Testosterone used in women demonstrates anabolic activity – however, it is very rarely practiced because of undesirable effects such as: masculinization, hirsutism. It is most often used in the case of advanced, hormonally active tumors. Testosterone given to a woman who is pregnant can cause female fetuses to develop symptoms of masculinization and the characteristics of the alleged female obesity. Pathologically excessive secretion of testosterone derivatives from the adrenal glands (due to a genetic defect) by the developing female fetus may cause the adrenal and gonorrhea syndrome with features of the pseudo-femoral defiance.

From 8 am to noon, man’s testosterone levels remain at the highest level. So he is bursting with energy, he is not lacking in self-confidence, he is in top form thanks to the perfect coordination of all the senses. He is enterprising, but also willing to argue and … very hungry for sex.

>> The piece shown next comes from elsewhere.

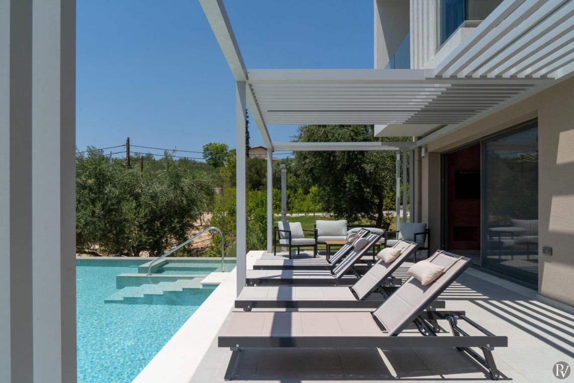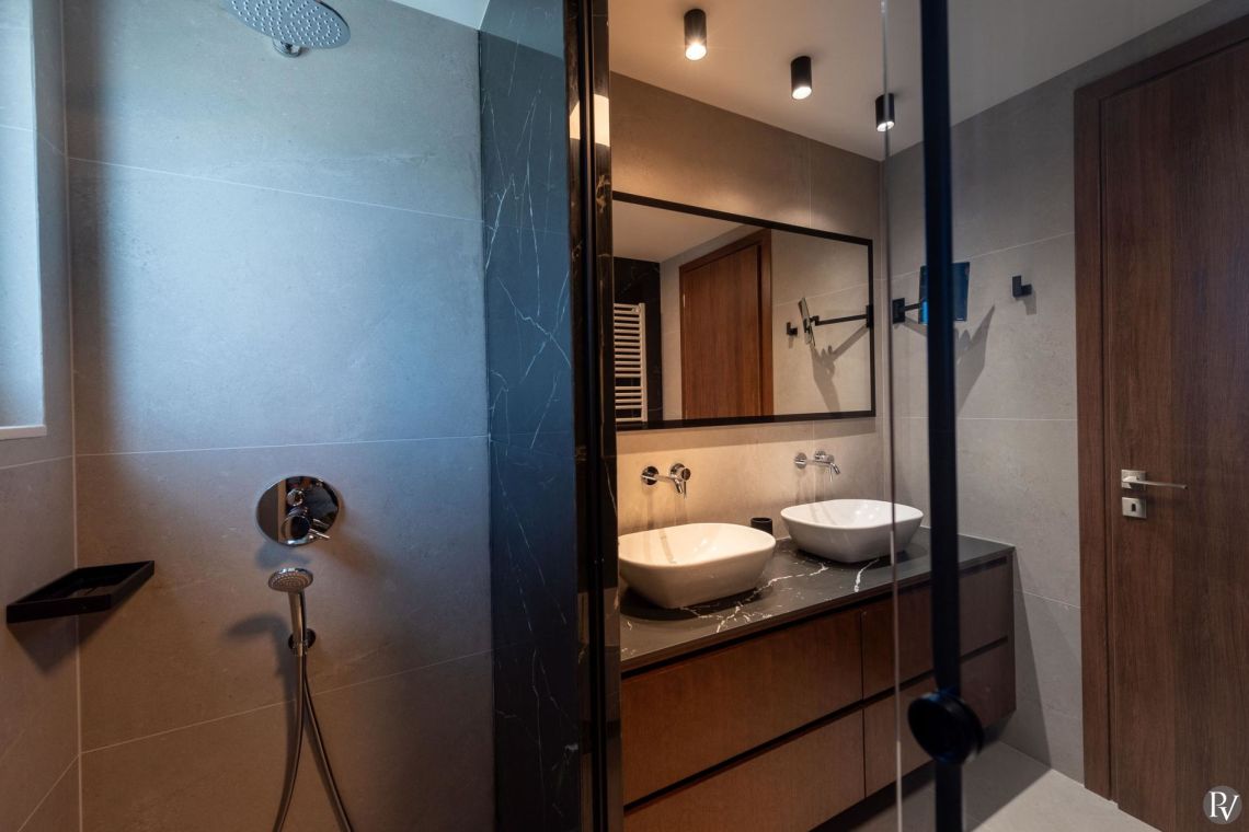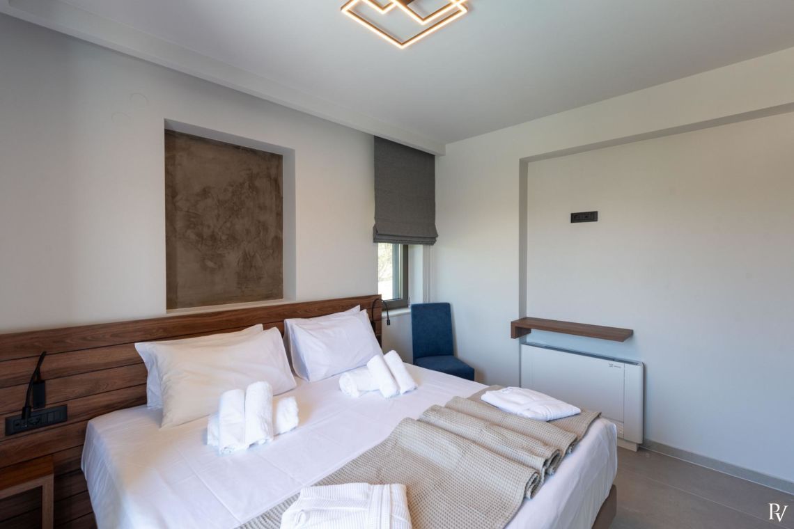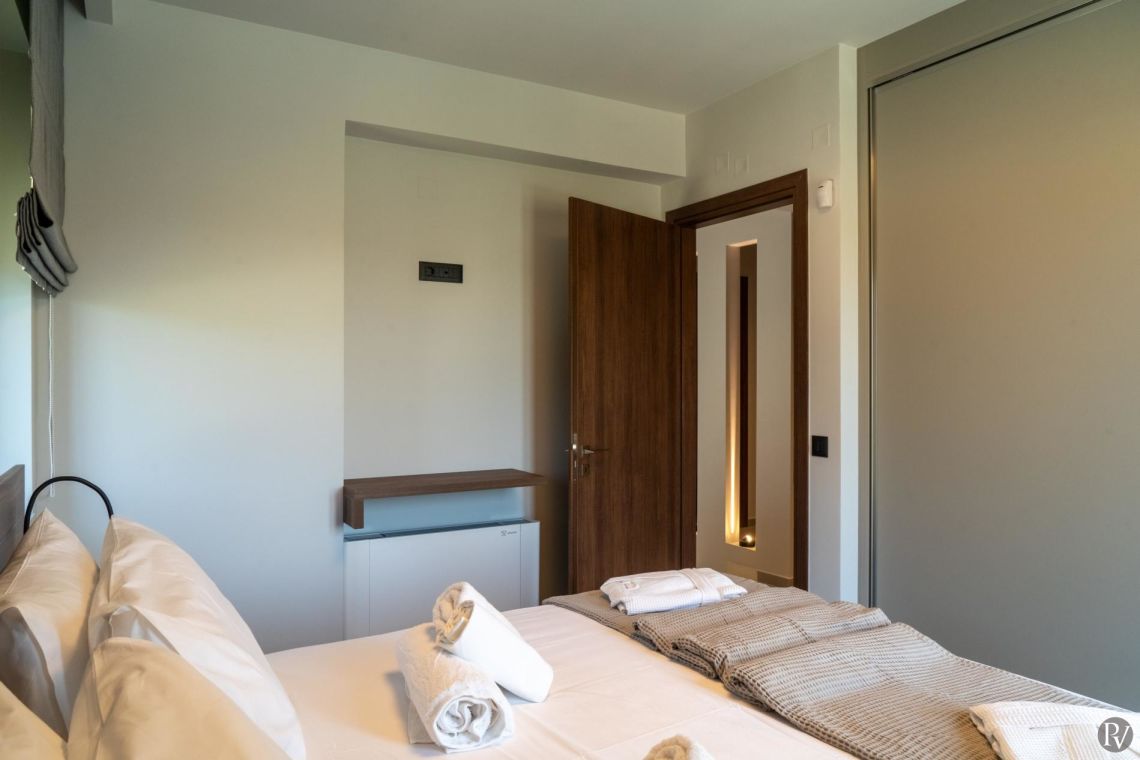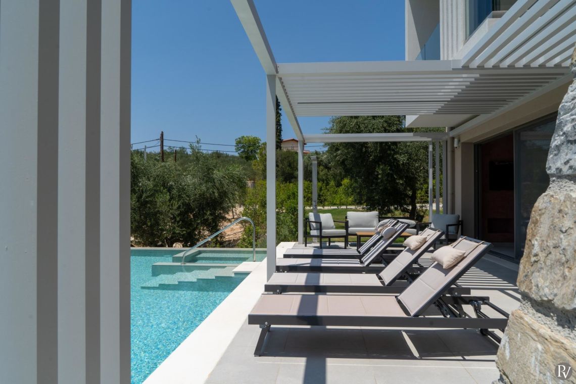 Upstairs, Villa Vasiliki offers two beautifully appointed bedrooms, each featuring twin beds and access to a private balcony with stunning open countryside views. The bedrooms share a modern bathroom, providing a comfortable and restful environment for all guests.

Accumulated testosterone will increase the desire for intercourse. Between 13 and 17, testosterone levels are falling. This is the best time for team work, because the man is still in a good mood. It is also a good time for difficult conversations. When a man gets rid of excess energy, it is easier to get along with him, because he is more reliable, reveals good emotions. Testosterone and biologically active testosterone fall gradually after the age of 35. Heart attack risk factors are higher in men than in women before menopause age. Testosterone was a good candidate to explain the difference. A number of recent studies show opposite conclusions: low levels Testosterone increases the risk of cardiovascular disease. A study from the University of California in San Diego found that low levels of testosterone increased the risk of premature death. Testosterone levels were measured in men aged 50-90 in the early 1980s and their mortality rate was studied. in 2004, the annual mortality rate in men with the lowest testosterone at the beginning of the study was 40% higher than in men with higher testosterone levels. Men with low testosterone were more likely to die from heart and lung diseases. There was no relationship between testosterone levels and cancer and cancer. This and several other studies justify the use of testosterone supplements in older men. The BALCO scandal and the Major League Baseball scandal have shed bad light on testosterone and have made doctors reluctant to prescribe them to patients. Testosterone kills brain cells. This finding may help explain why steroid abuse causes changes in behavior, such as increased aggression or suicidal tendencies.

Laboratory tests have shown that small amounts of the male sex hormone are beneficial for neurons, but its higher concentration causes self-destruction in a process reminiscent of pathological changes For example, in Alzheimer’s disease. Barbara Ehrlich, from Yale University, observes that it is not good when there is too little or too much testosterone, the most favorable situation is in the case of medium concentrations. Testosterone is crucial for the development, differentiation and growth of cells. Both women and men produce it, but for the latter it is typical that it is about 20 times higher. It is possible to “overdose” testosterone or steroids, which are converted into testosterone in the body. Previous research has shown that an excess of this hormone causes behavioral changes. We can show that when you have high levels of steroids, you also have high testosterone levels, which in turn can damage nerve cells. We also know that “losing” the brain, you lose its function – proves Ehrlich.The team of Americans carried out similar tests with estrogen. We were surprised, but it seems that estrogen has a protective effect on neurons. In the presence of estrogen, there are fewer cell deaths [as a result of the so-called apoptosis – note ed.] In the pages of the Journal of Biological Chemistry Ehrlich and her team warn against taking steroids. This can help build muscle mass, but it has long-term negative effects on brain function. Apoptosis is important for the brain because it has to eliminate some cells. But if it happens too often, you lose too many neurons, and that means trouble. A similar process occurs in Alzheimer’s, Huntington’s and other diseases. Our results suggest that the body’s reactions to increased testosterone levels can be compared with pathophysiological diseases.